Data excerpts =
|---|
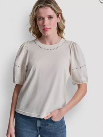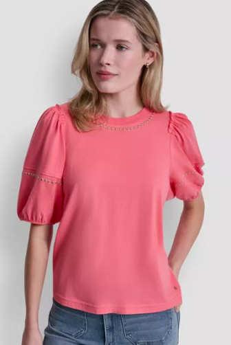DKNY Jeans Women's Dome Studs Mini Sleeve T-Shirt
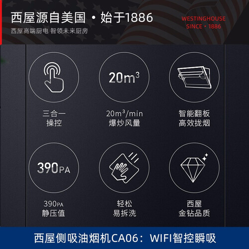支持APP远程操控,可远程开关烟机、调节风量,同时支持体感操控、触控操控,智能便捷,内置塑封交流电机,可防水防油防腐蚀。
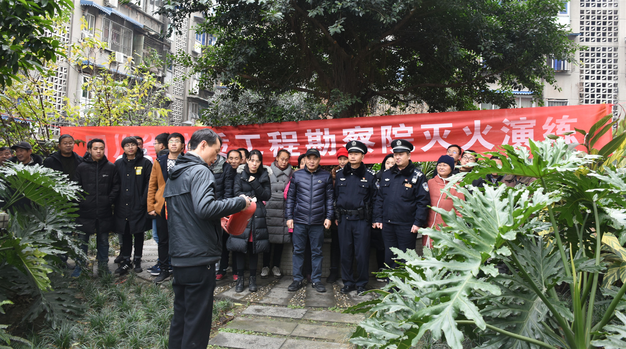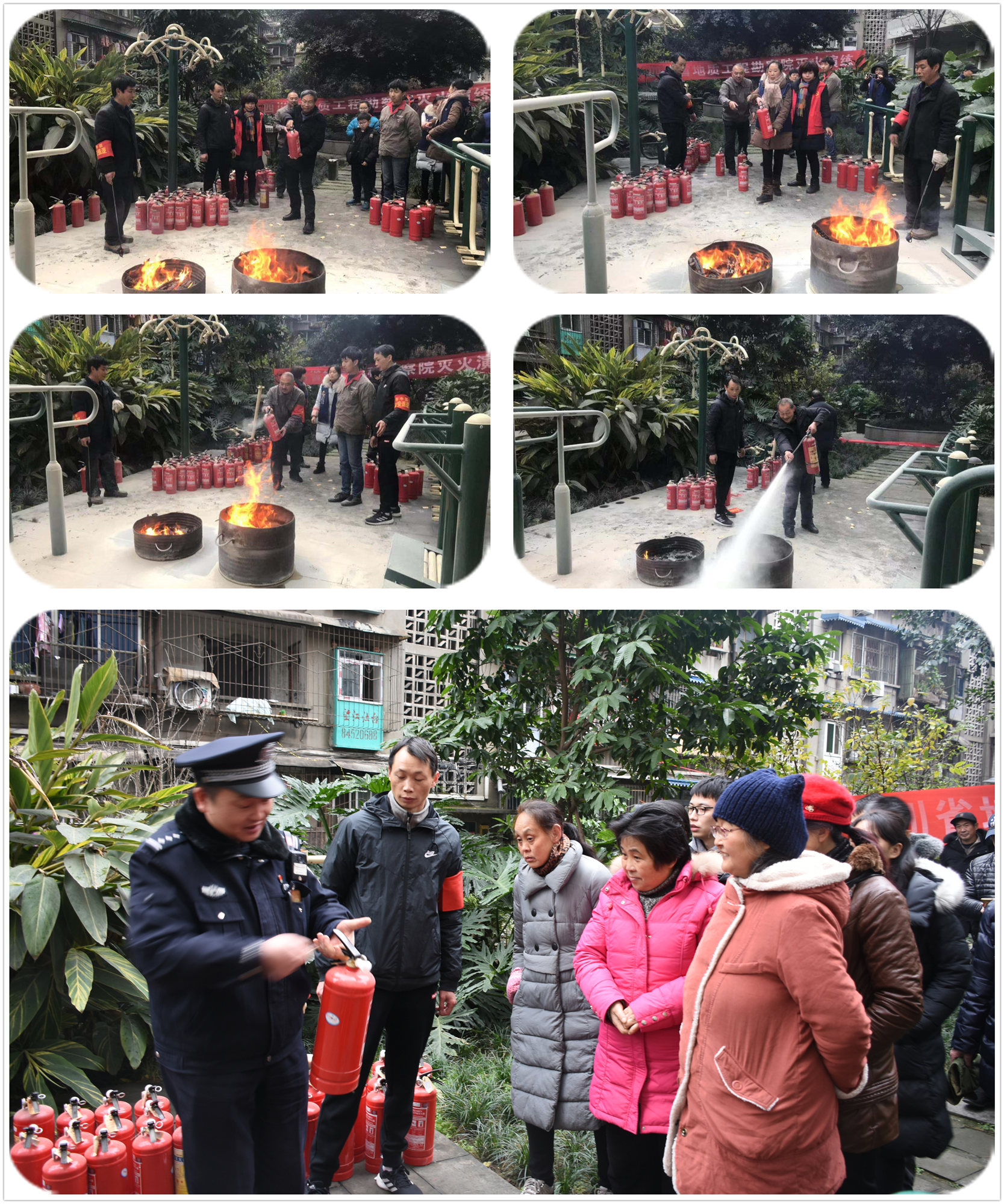 演練工作人員和社區民警首先給大家講解了滅火器的使用方法及注意事項,隨后在工作人員的指導下,參加演練的60余名干部職工及家屬先后使用滅火器對現場兩處著火點進行實戰滅火。
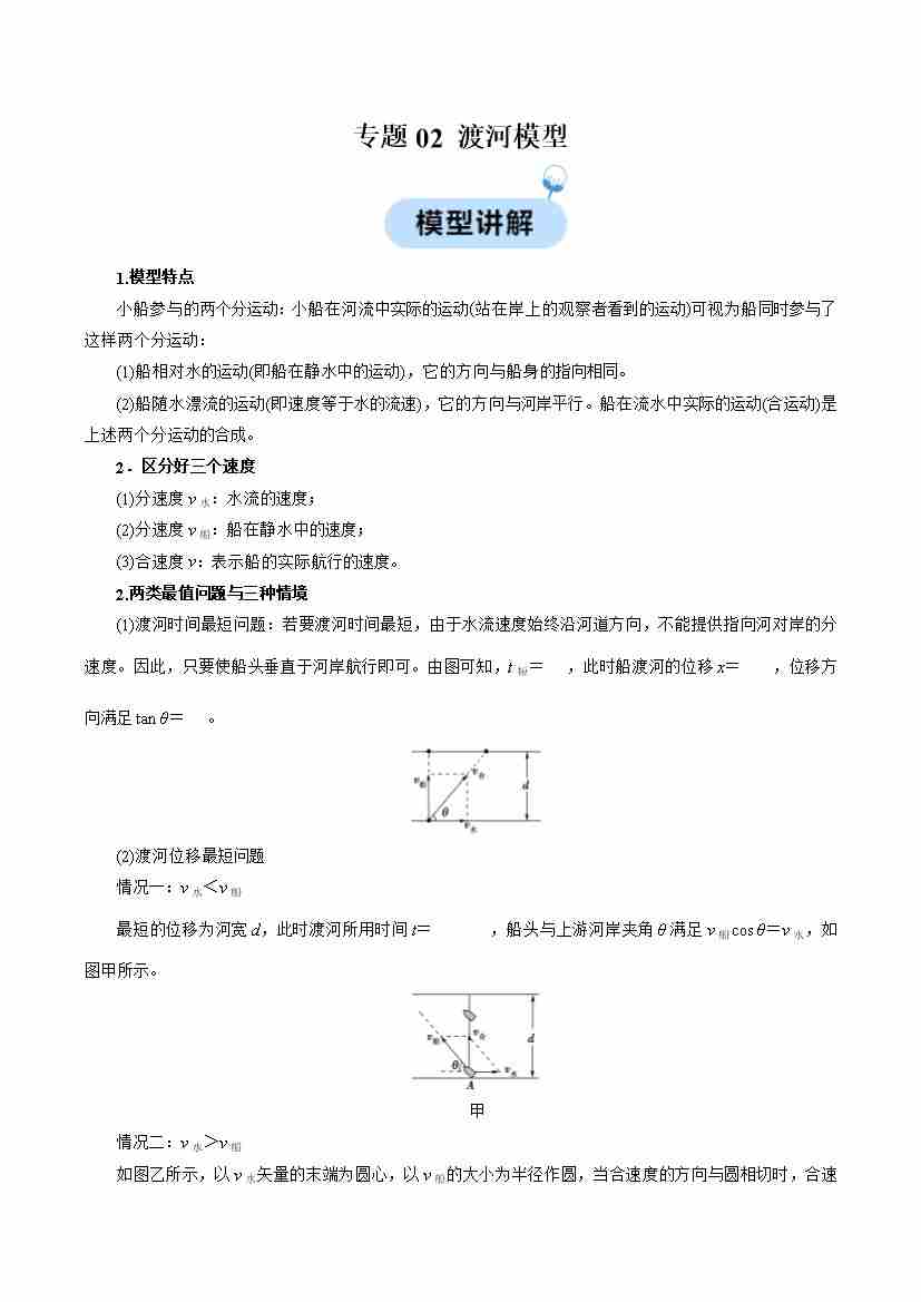 专题02 渡河模型(学生版)
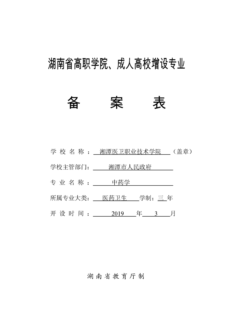 1.1.4.1 湘潭医卫职院中药学专业备案表
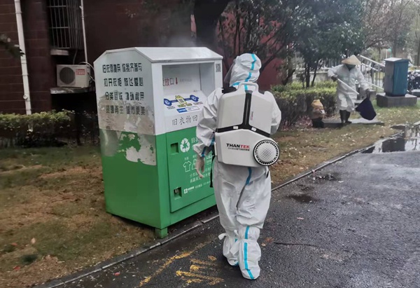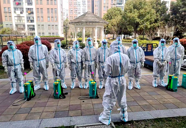 江宁区政府为守护好管控区居民及工作人员的身体健康和生命安全,高度重视新冠肺炎的消杀工作。因此,一支由江宁区城管局、江宁环卫集团工作人员组成的应急救援志愿服务队应“疫”而生。主要工作是对管控区内楼道、公共设施、垃圾箱房及卫生死角等地方进行全面消毒,确保消毒消杀工作全覆盖、零死角、无缝隙。
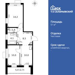 Продаётся 2-к квартира номер 181 общей площадью 51.1 кв.м. на 23-м этаже 24 этажного дома. Чистовая отделка. Цена с учётом скидки!
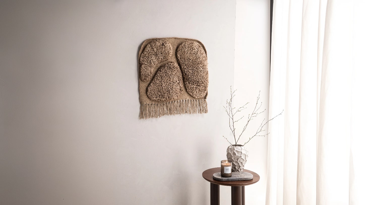 Sigrid est un tapis mural qui joue avec le relief pour donner du corps au mur. Les formes organiques évoquent des galets posés les uns contre les autres et adoucissent la verticalité. En laine épaisse, la surface capte la lumière et crée une ombre douce dans le creux des volumes. Accroché seul, il devient un accent de déco murale qui réchauffe immédiatement le regard. Il trouve facilement sa place au-dessus d’un canapé, d’une console ou dans un coin lecture pour structurer un pan de mur sans l’alourdir.
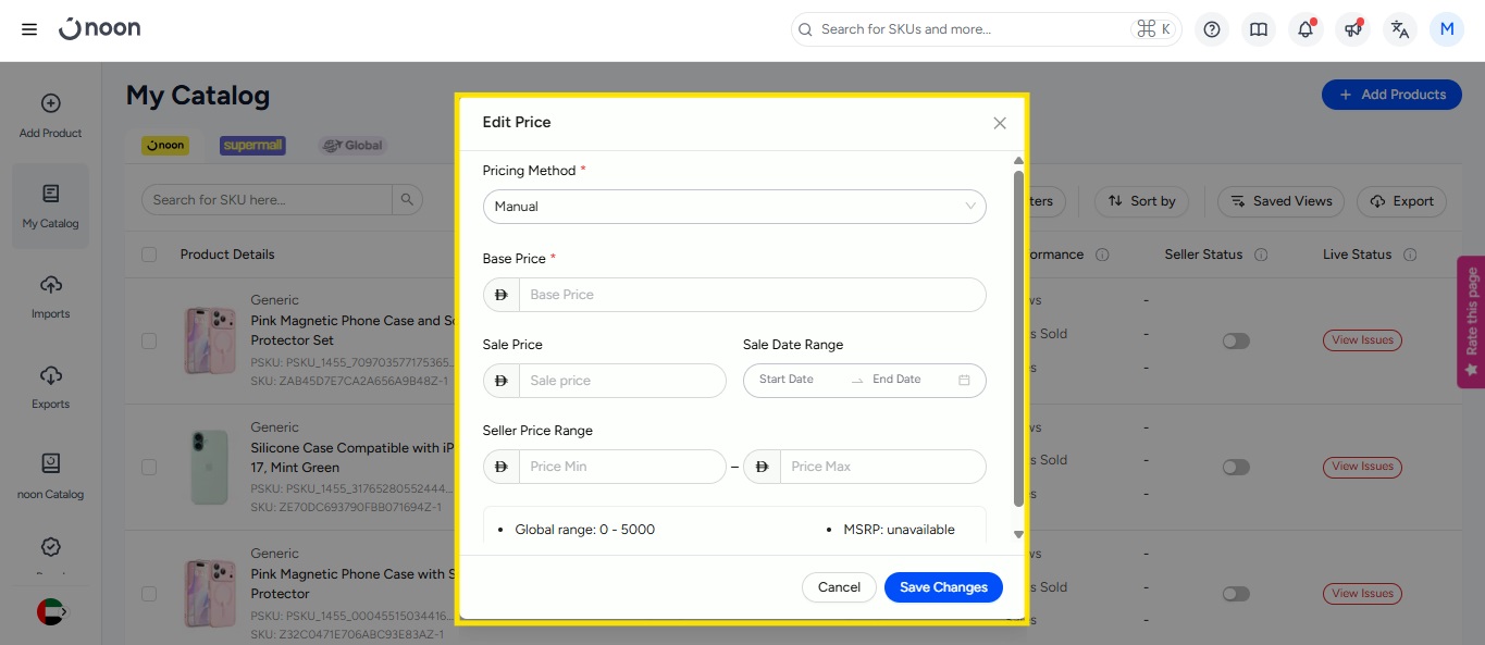 - Select the pricing method and update the price for the SKU. Any changes made to your offer will reflect immediately on the noon website. If you would like to add a Sale Price, you may also add this on the page with the necessary start and end dates for how long you would like the Sale Price to be live. If the Sale Price is added, it will take priority over your Price during its campaign. Click on Save to update the price.
|---|
Take the records from their first line through the line containing "Sigrid est un" and please return exactly those lines, both ends included, minus the pictures.

DKNY Jeans Women's Dome Studs Mini Sleeve T-Shirt
支持APP远程操控,可远程开关烟机、调节风量,同时支持体感操控、触控操控,智能便捷,内置塑封交流电机,可防水防油防腐蚀。
 演練工作人員和社區民警首先給大家講解了滅火器的使用方法及注意事項,隨后在工作人員的指導下,參加演練的60余名干部職工及家屬先后使用滅火器對現場兩處著火點進行實戰滅火。
 专题02 渡河模型(学生版)
 1.1.4.1 湘潭医卫职院中药学专业备案表
 江宁区政府为守护好管控区居民及工作人员的身体健康和生命安全,高度重视新冠肺炎的消杀工作。因此,一支由江宁区城管局、江宁环卫集团工作人员组成的应急救援志愿服务队应“疫”而生。主要工作是对管控区内楼道、公共设施、垃圾箱房及卫生死角等地方进行全面消毒,确保消毒消杀工作全覆盖、零死角、无缝隙。
 Продаётся 2-к квартира номер 181 общей площадью 51.1 кв.м. на 23-м этаже 24 этажного дома. Чистовая отделка. Цена с учётом скидки!
 Sigrid est un tapis mural qui joue avec le relief pour donner du corps au mur. Les formes organiques évoquent des galets posés les uns contre les autres et adoucissent la verticalité. En laine épaisse, la surface capte la lumière et crée une ombre douce dans le creux des volumes. Accroché seul, il devient un accent de déco murale qui réchauffe immédiatement le regard. Il trouve facilement sa place au-dessus d’un canapé, d’une console ou dans un coin lecture pour structurer un pan de mur sans l’alourdir.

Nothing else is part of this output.